[Information shown]
____________________
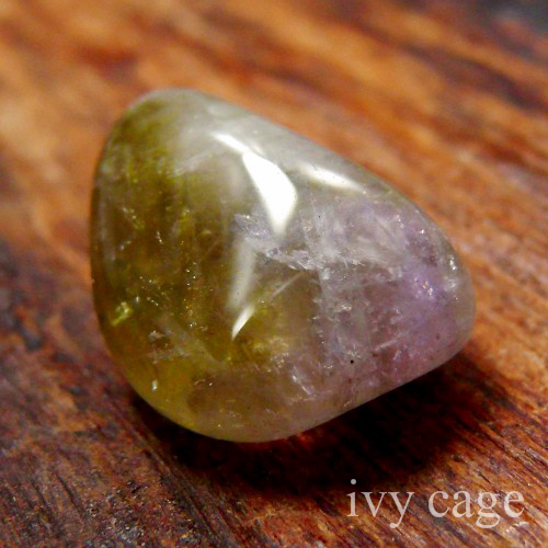 やや渋めのグリーンクォーツに、ラヴェンダーカラーのアメシスト部分が残っています。
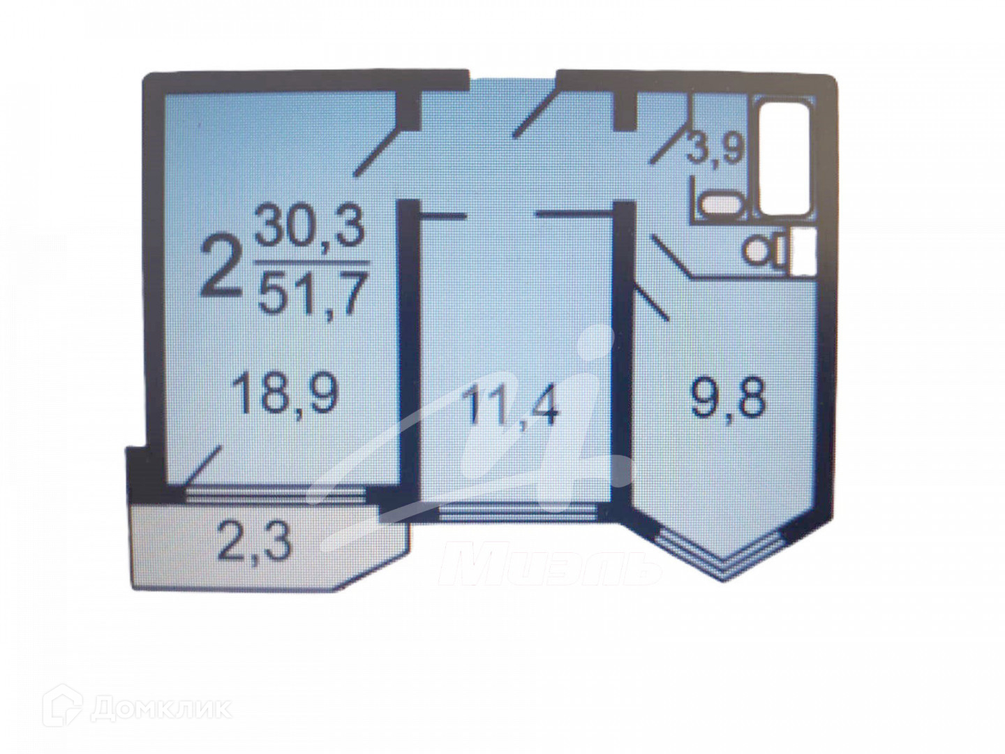 Общая площадь 51.6 м2
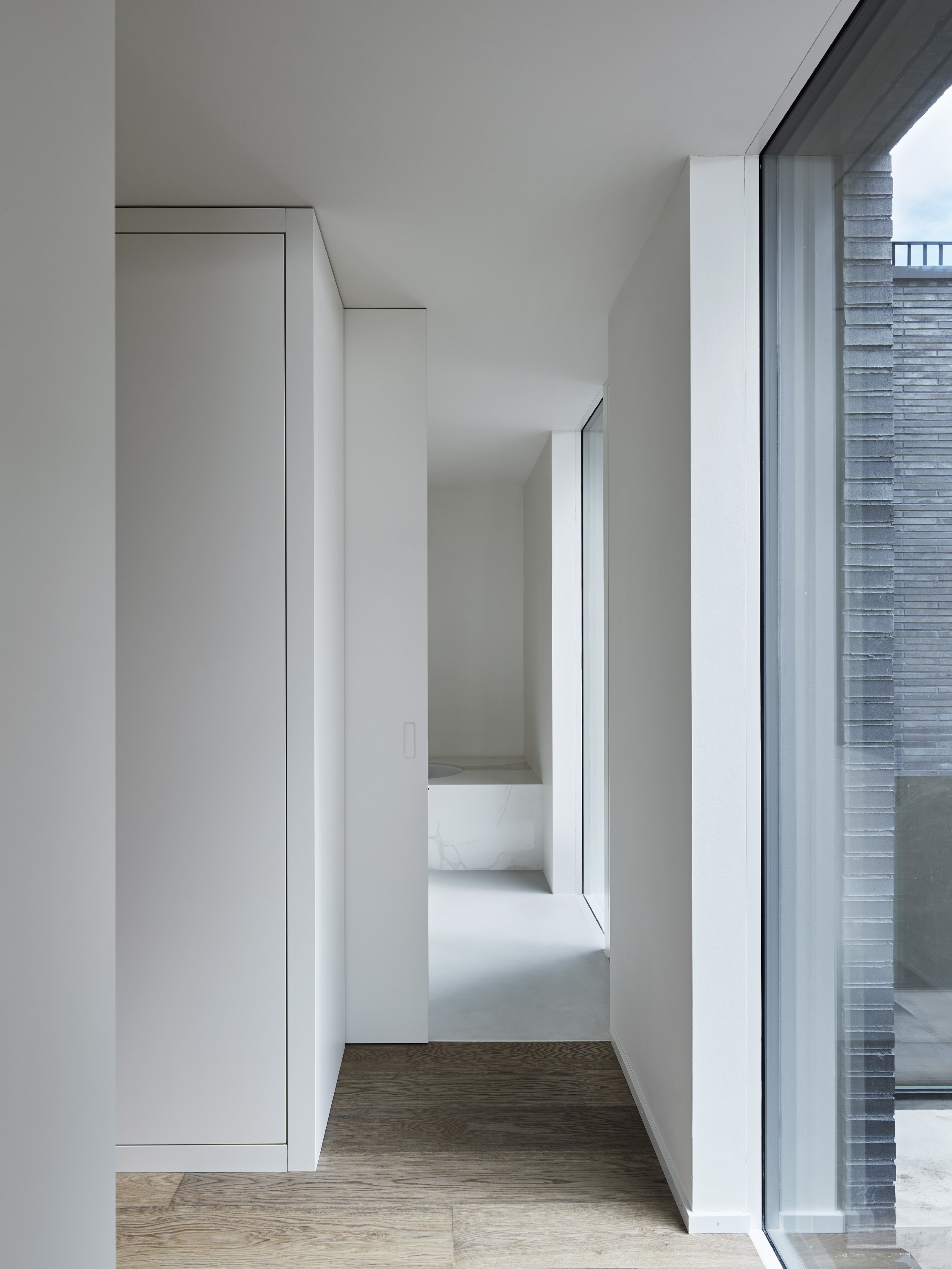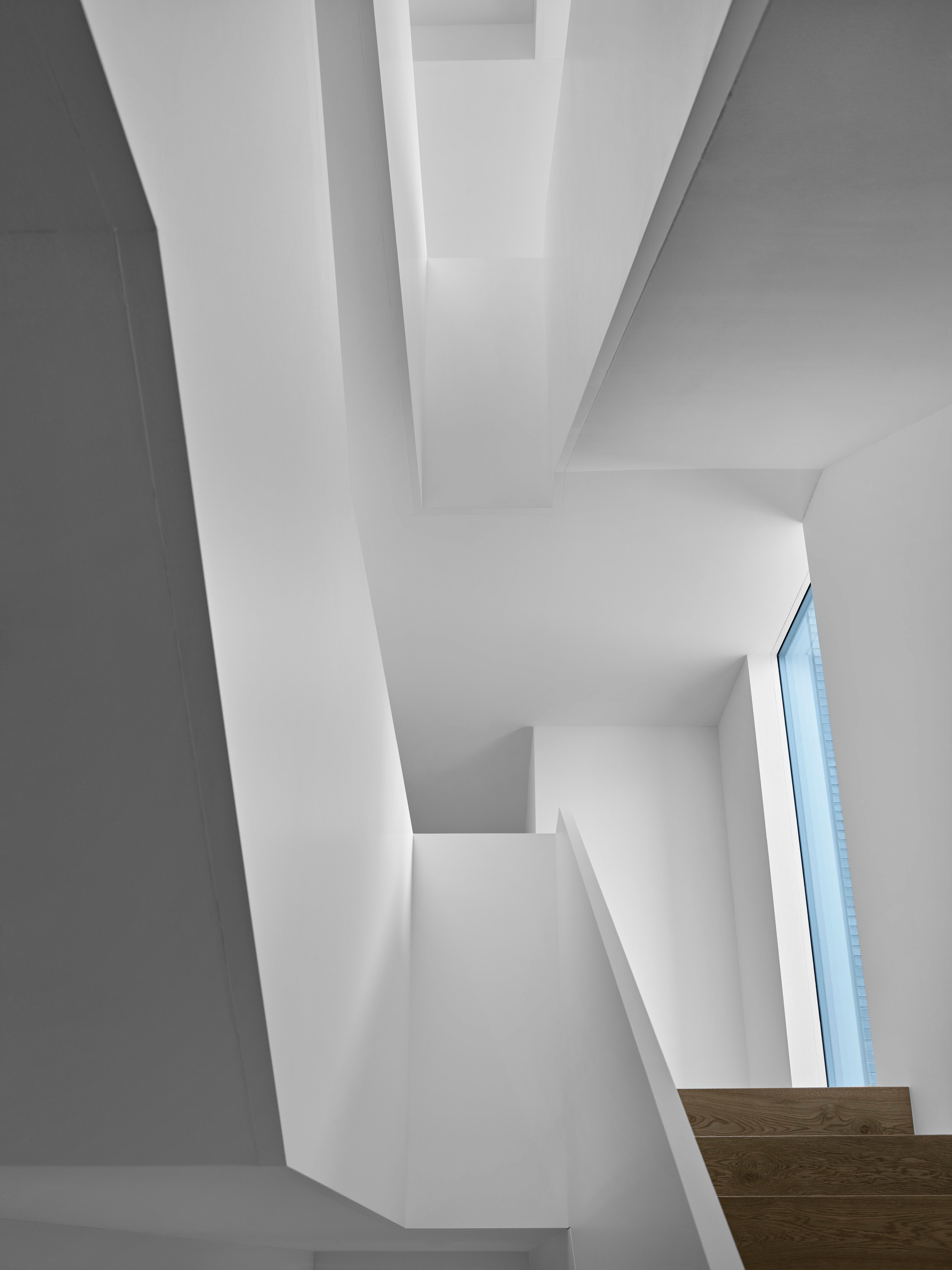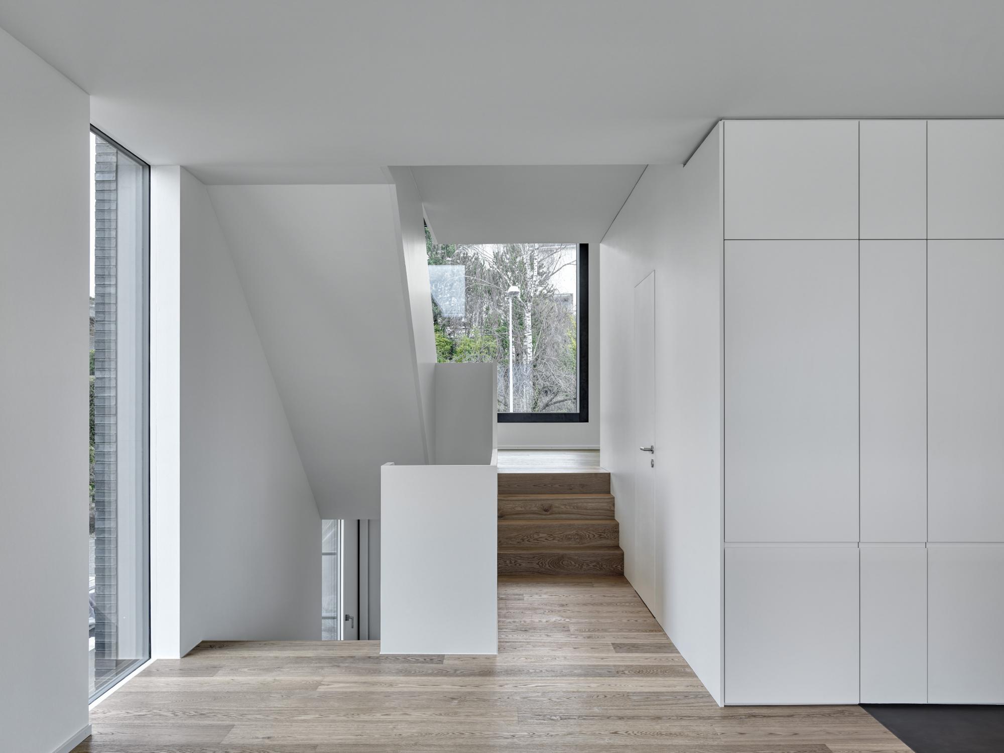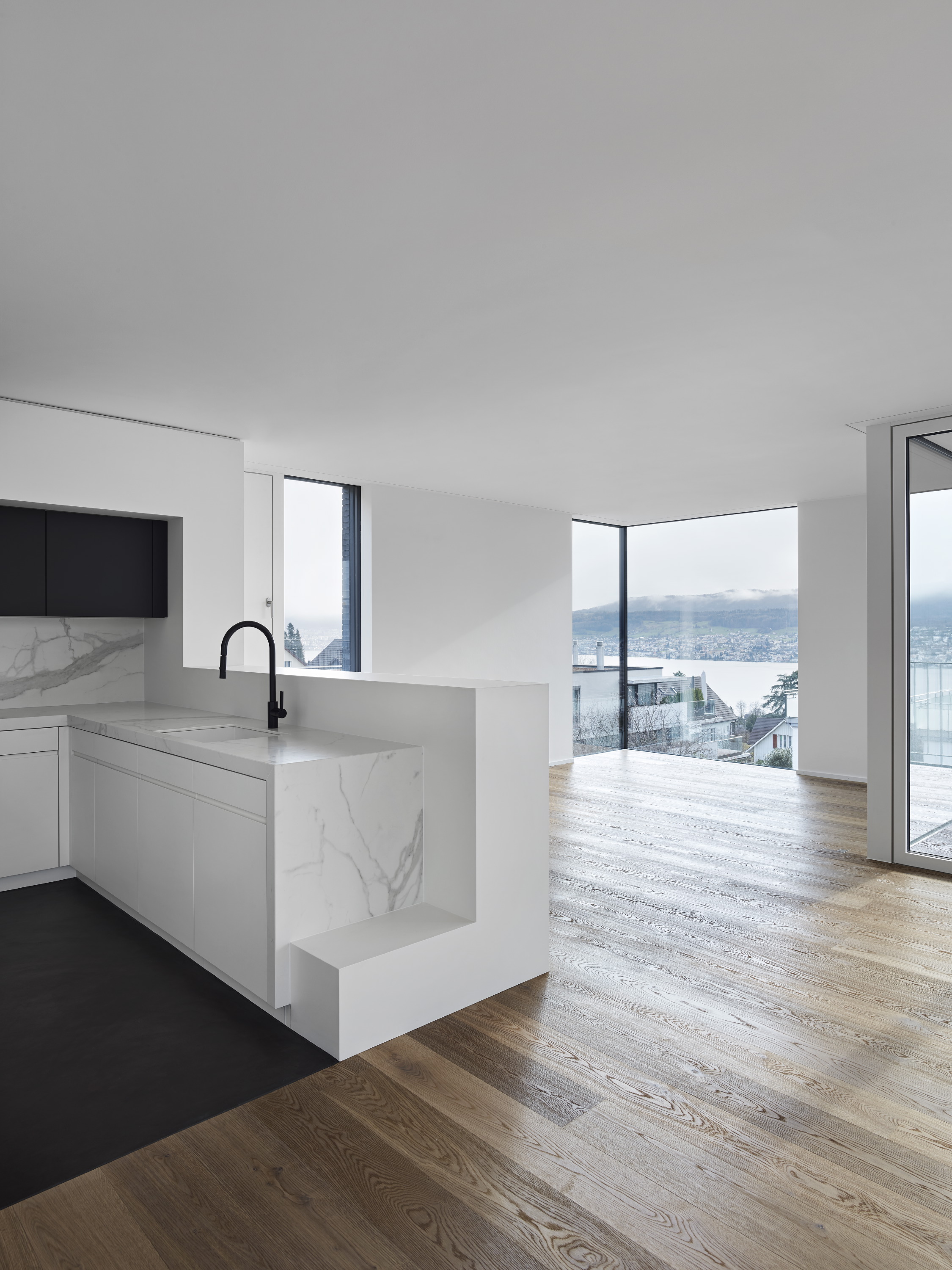 Auch die seitlichen Fassaden Richtung Süd-Ost und Nord-West, gewähren mit den karg gesetzten, bodentiefen Schlitzfenstern, Nachbarn und Passanten keine weitreichenden Einsichten, den Bewohnern hingegen spannende Lichtakzente und interessante, punktuelle Ausblicke. Die privaten Aussenräume zeigen in Ihrer Hauptausrichtung Richtung See und lassen mit Ihren filigranen, schwarzen Metallgeländern die Blicke weit schweifen. Das Eingangs- und Gartengeschoss ist von Treppen und Stützwänden in Sichtbeton seitlich eingefasst. Das Durchschreiten im Inneren und Äusseren schafft immer wieder neue Räume, Einblicke und Durchblicke und erzeugt ein Spannungsfeld, in dem Langeweile ein Fremdwort zu sein vermag.
____________________
[Task requirements]
All of the preceding material should be output verbatim, with the pictures excluded.

[Answer box]
 やや渋めのグリーンクォーツに、ラヴェンダーカラーのアメシスト部分が残っています。
 Общая площадь 51.6 м2
 Auch die seitlichen Fassaden Richtung Süd-Ost und Nord-West, gewähren mit den karg gesetzten, bodentiefen Schlitzfenstern, Nachbarn und Passanten keine weitreichenden Einsichten, den Bewohnern hingegen spannende Lichtakzente und interessante, punktuelle Ausblicke. Die privaten Aussenräume zeigen in Ihrer Hauptausrichtung Richtung See und lassen mit Ihren filigranen, schwarzen Metallgeländern die Blicke weit schweifen. Das Eingangs- und Gartengeschoss ist von Treppen und Stützwänden in Sichtbeton seitlich eingefasst. Das Durchschreiten im Inneren und Äusseren schafft immer wieder neue Räume, Einblicke und Durchblicke und erzeugt ein Spannungsfeld, in dem Langeweile ein Fremdwort zu sein vermag.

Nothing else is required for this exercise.